WORK INSTRUCTIONS =>
Please write out exactly the line containing "Lot Description:French Art" below and every line after it, through the last one, but leave out any pictures.

[[ COLLECTED DATA open ]]

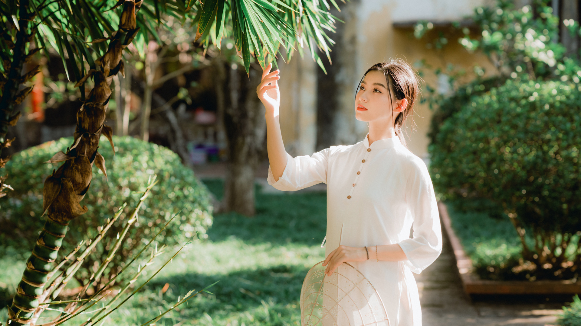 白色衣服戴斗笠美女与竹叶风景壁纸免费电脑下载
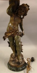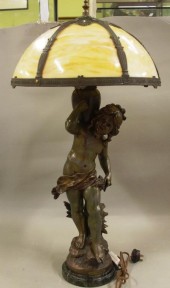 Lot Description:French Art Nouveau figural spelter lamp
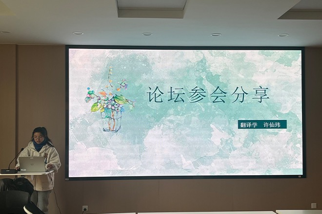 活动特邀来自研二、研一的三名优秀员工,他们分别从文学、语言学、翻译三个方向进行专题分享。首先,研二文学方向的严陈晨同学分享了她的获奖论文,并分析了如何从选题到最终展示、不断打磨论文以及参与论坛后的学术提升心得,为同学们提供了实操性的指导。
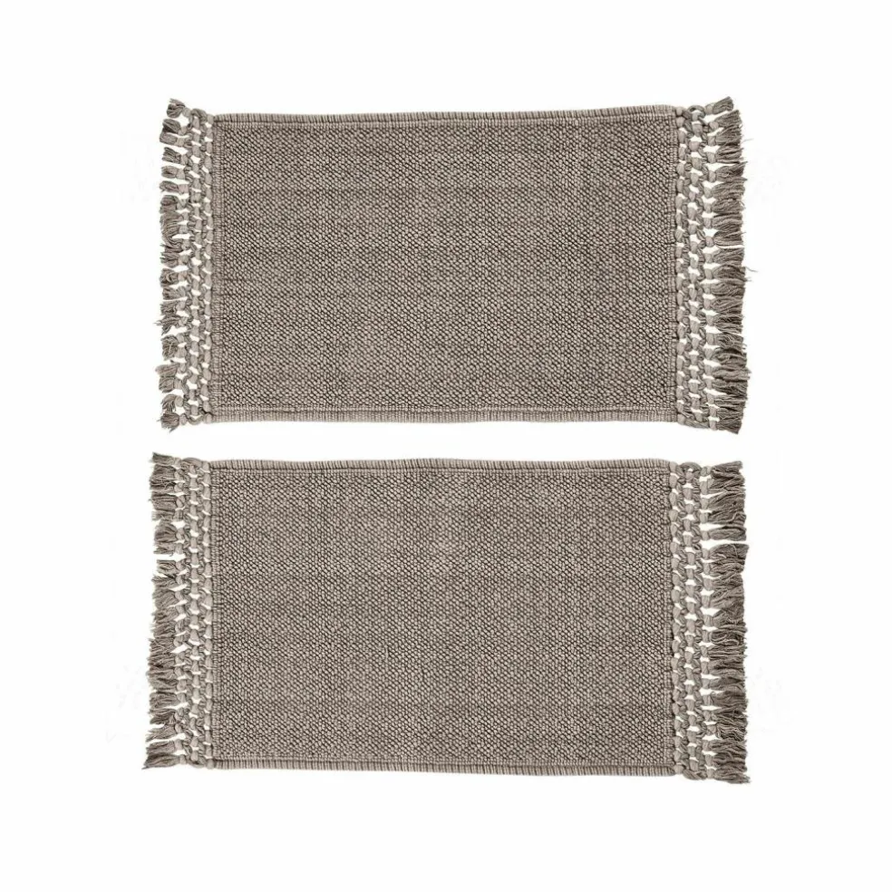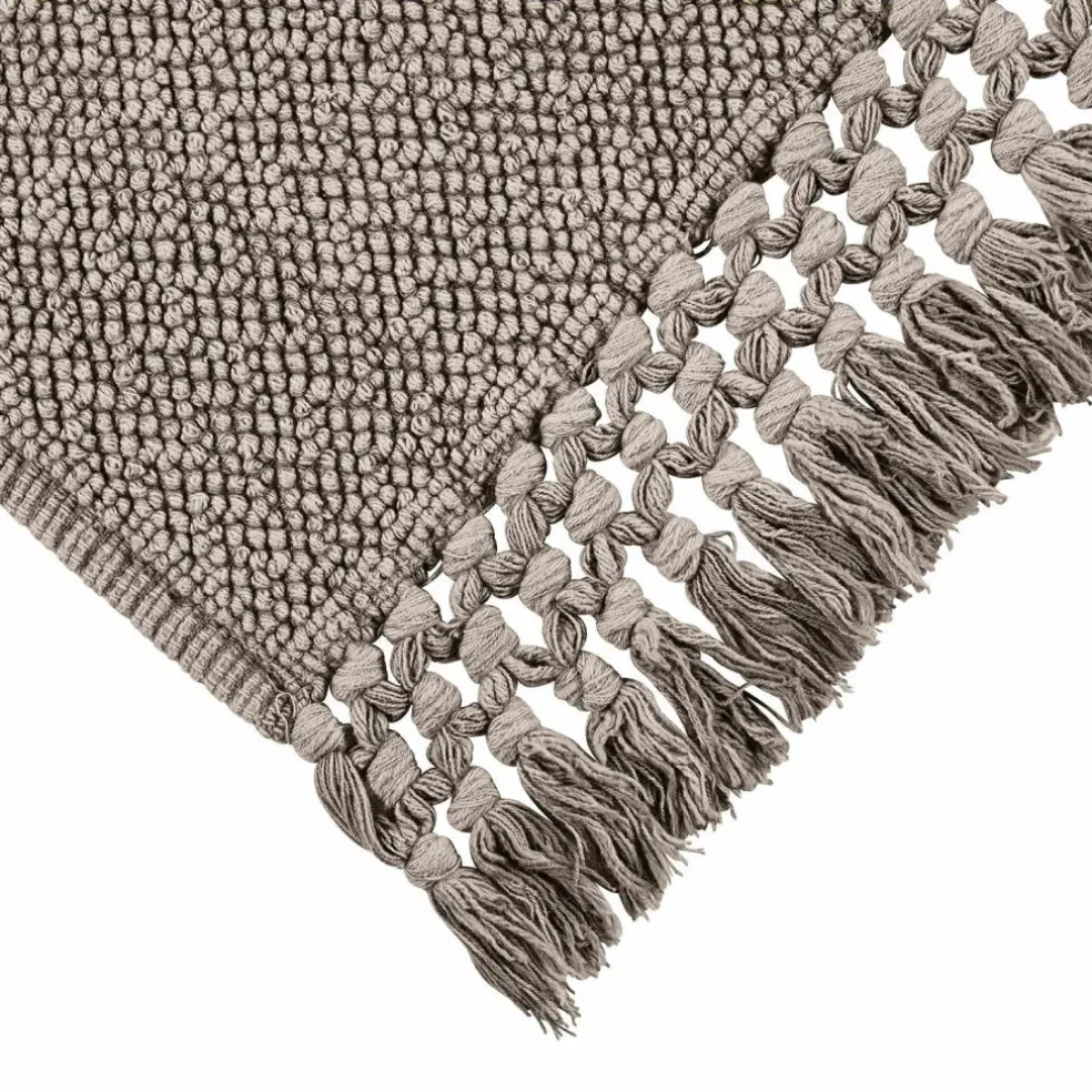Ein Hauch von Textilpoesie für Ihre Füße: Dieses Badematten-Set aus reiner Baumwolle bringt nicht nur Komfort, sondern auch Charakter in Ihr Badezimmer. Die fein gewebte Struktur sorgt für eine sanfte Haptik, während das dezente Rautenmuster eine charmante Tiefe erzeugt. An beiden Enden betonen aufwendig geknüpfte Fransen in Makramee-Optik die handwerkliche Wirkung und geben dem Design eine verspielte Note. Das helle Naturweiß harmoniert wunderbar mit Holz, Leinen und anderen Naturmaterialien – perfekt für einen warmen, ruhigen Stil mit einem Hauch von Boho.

[[ COLLECTED DATA closed ]]

EXERCISE RESULT =>
 Lot Description:French Art Nouveau figural spelter lamp
 活动特邀来自研二、研一的三名优秀员工,他们分别从文学、语言学、翻译三个方向进行专题分享。首先,研二文学方向的严陈晨同学分享了她的获奖论文,并分析了如何从选题到最终展示、不断打磨论文以及参与论坛后的学术提升心得,为同学们提供了实操性的指导。
Ein Hauch von Textilpoesie für Ihre Füße: Dieses Badematten-Set aus reiner Baumwolle bringt nicht nur Komfort, sondern auch Charakter in Ihr Badezimmer. Die fein gewebte Struktur sorgt für eine sanfte Haptik, während das dezente Rautenmuster eine charmante Tiefe erzeugt. An beiden Enden betonen aufwendig geknüpfte Fransen in Makramee-Optik die handwerkliche Wirkung und geben dem Design eine verspielte Note. Das helle Naturweiß harmoniert wunderbar mit Holz, Leinen und anderen Naturmaterialien – perfekt für einen warmen, ruhigen Stil mit einem Hauch von Boho.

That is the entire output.